A word-for-word copy is needed of the line containing "2025 여름 새로운" and every line after it through the end of the records below, leaving out all pictures.

──────

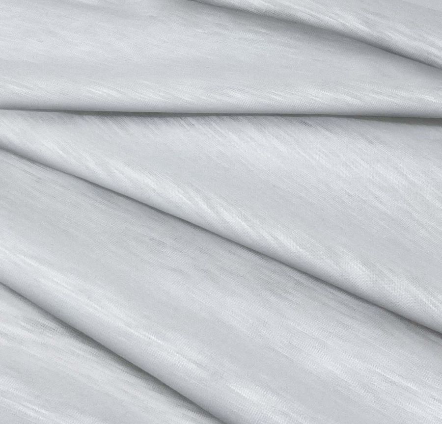 En cuanto a sus características generales, la tela base presenta una textura suave y elástica tanto en su superficie como en su tacto, con un efecto visual translúcido y jaspeado que la hace única y atractiva. Por su composición y estructura, la tela es perfecta para la confección de prendas de punto como camisetas, tanto para mujer como para hombre, siendo una opción atemporal que puede utilizarse en cualquier época del año.
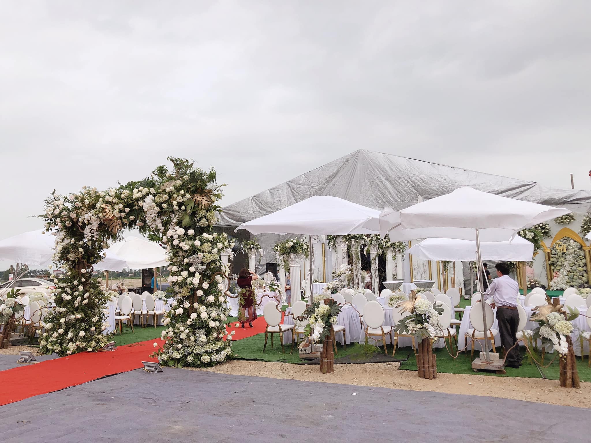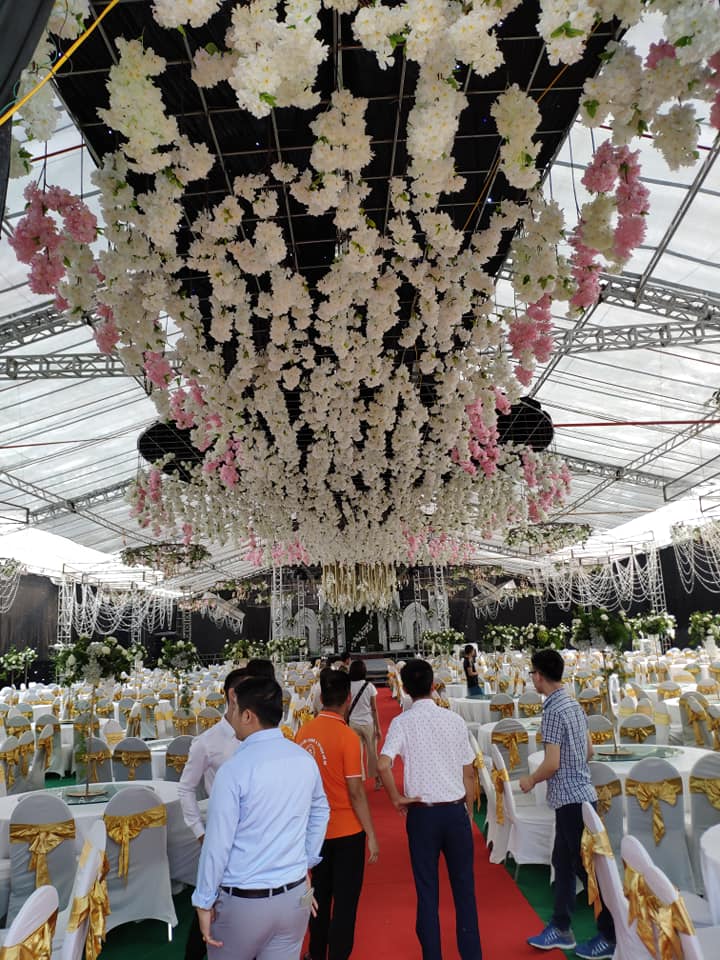 Theo thông tin lan truyền, chi phí cho dàn khách mời khoảng 500 triệu đồng. Ngoài ra, không gian đám cưới rộng 1500m2, toàn bộ rạp cưới siêu lớn được dựng tại gia nhà cô dâu, tất cả đều được trang trí bằng 100% hoa tươi. Trong đó có 10 nghìn bông hoa hồng trắng nhập khẩu, 6 nghìn cành cẩm tú cầu, 3 nghìn cành lan hồ điệp trắng và vô số những loài hoa khác.
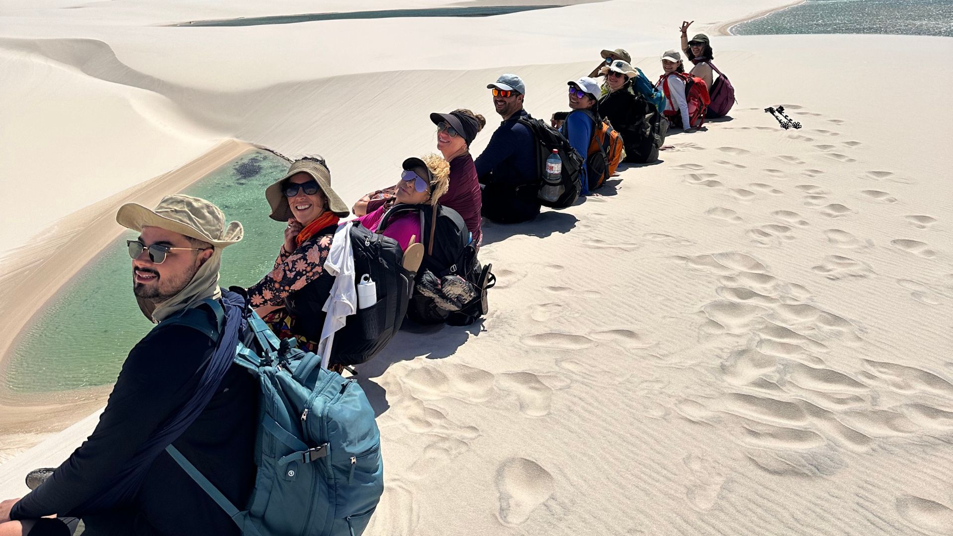 Começa a travessia! Mochilas prontas? O primeiro trajeto leva até o oásis de Baixa Grande, um cantinho cheio de coqueiros e lagoas escondidas entre as dunas.
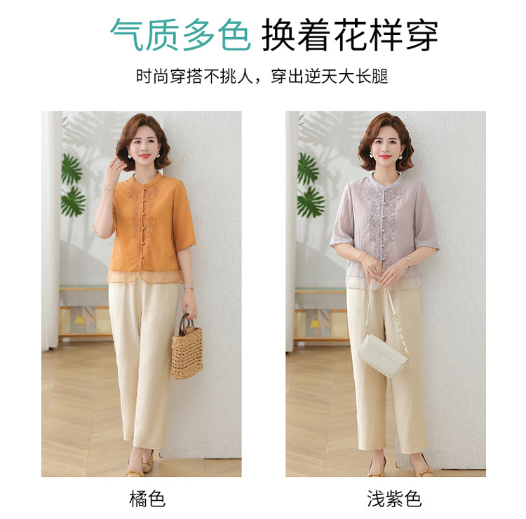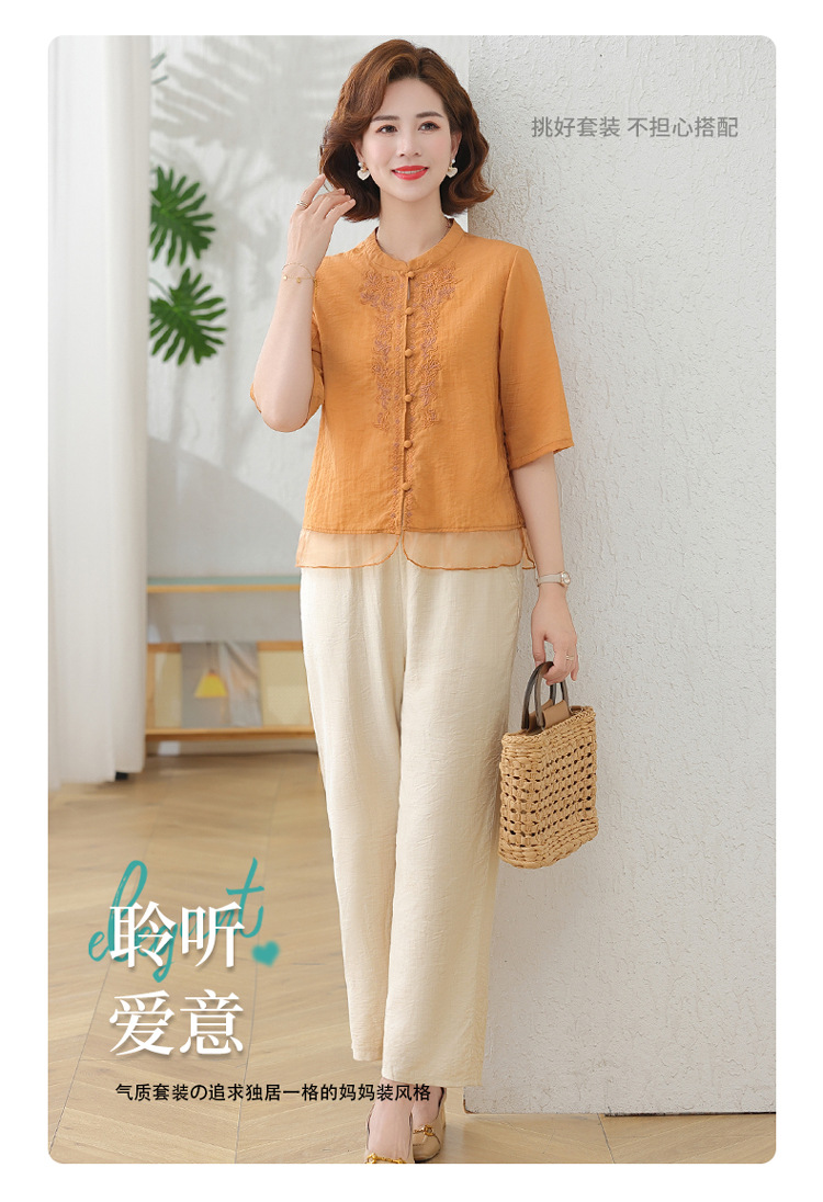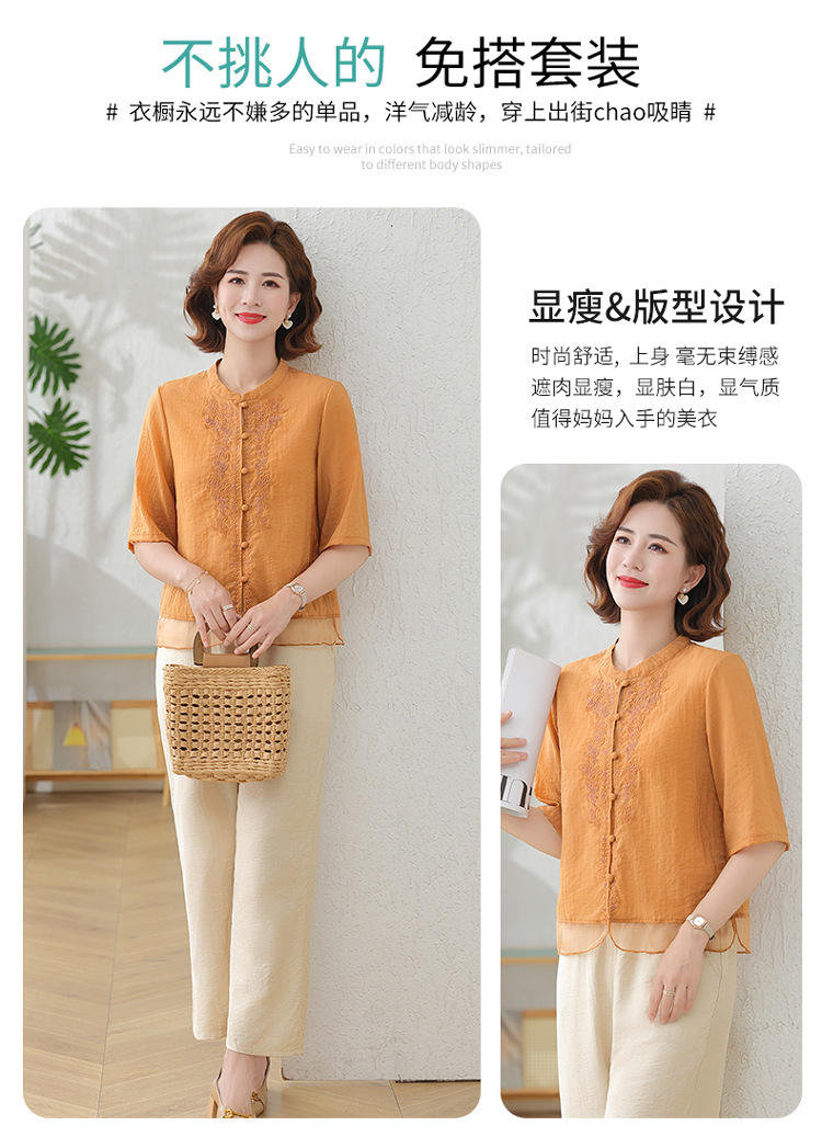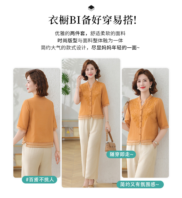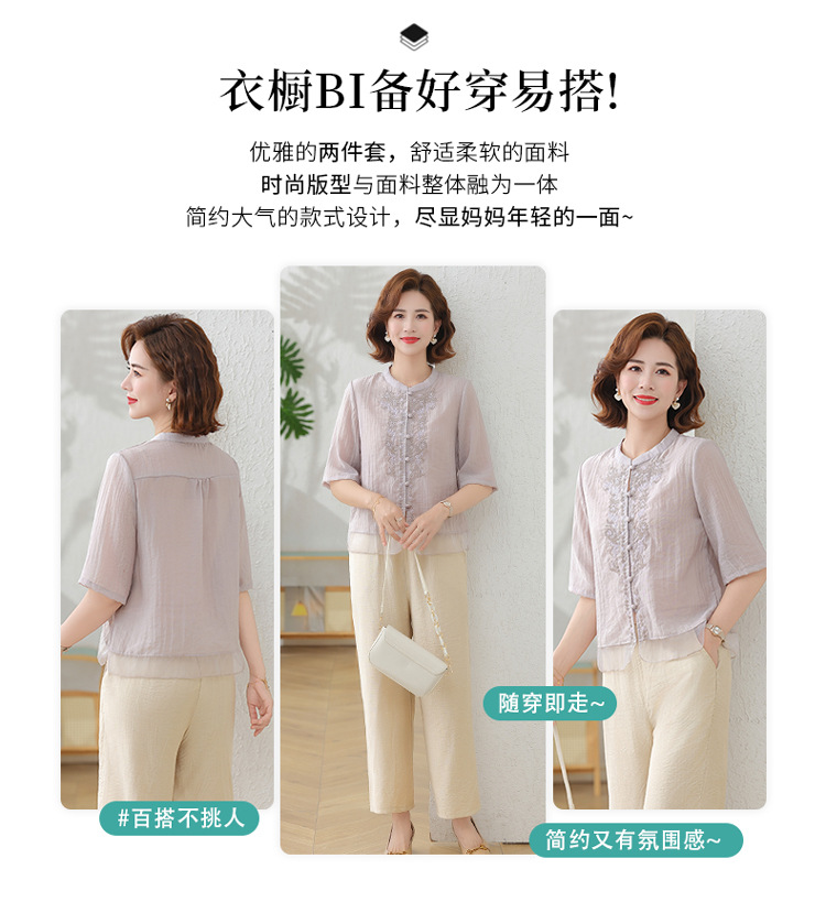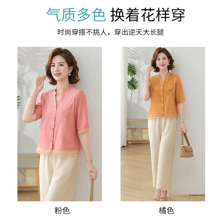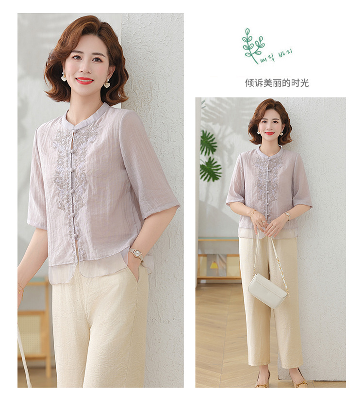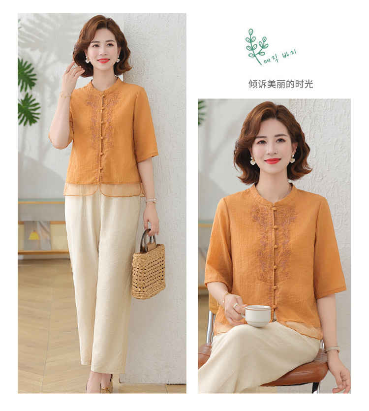 2025 여름 새로운 스탠드 칼라 싱글 브레스트 스티칭 패션 캐주얼 세트 슬림 셔츠 라미 자수 투피스 세트스토어 가기
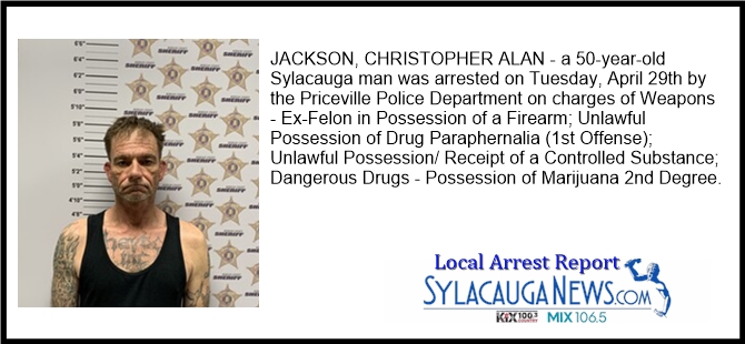 PRICEVILLE, Ala. – After a Sunday arrest of three Sylacauga men, the Priceville Police Department reports that yet another Sylacauga man has been arrested in their jursdiction on gun and drug charges, this time on Tuesday evening, April 29.

──────

• Solution to this exercise
 2025 여름 새로운 스탠드 칼라 싱글 브레스트 스티칭 패션 캐주얼 세트 슬림 셔츠 라미 자수 투피스 세트스토어 가기
 PRICEVILLE, Ala. – After a Sunday arrest of three Sylacauga men, the Priceville Police Department reports that yet another Sylacauga man has been arrested in their jursdiction on gun and drug charges, this time on Tuesday evening, April 29.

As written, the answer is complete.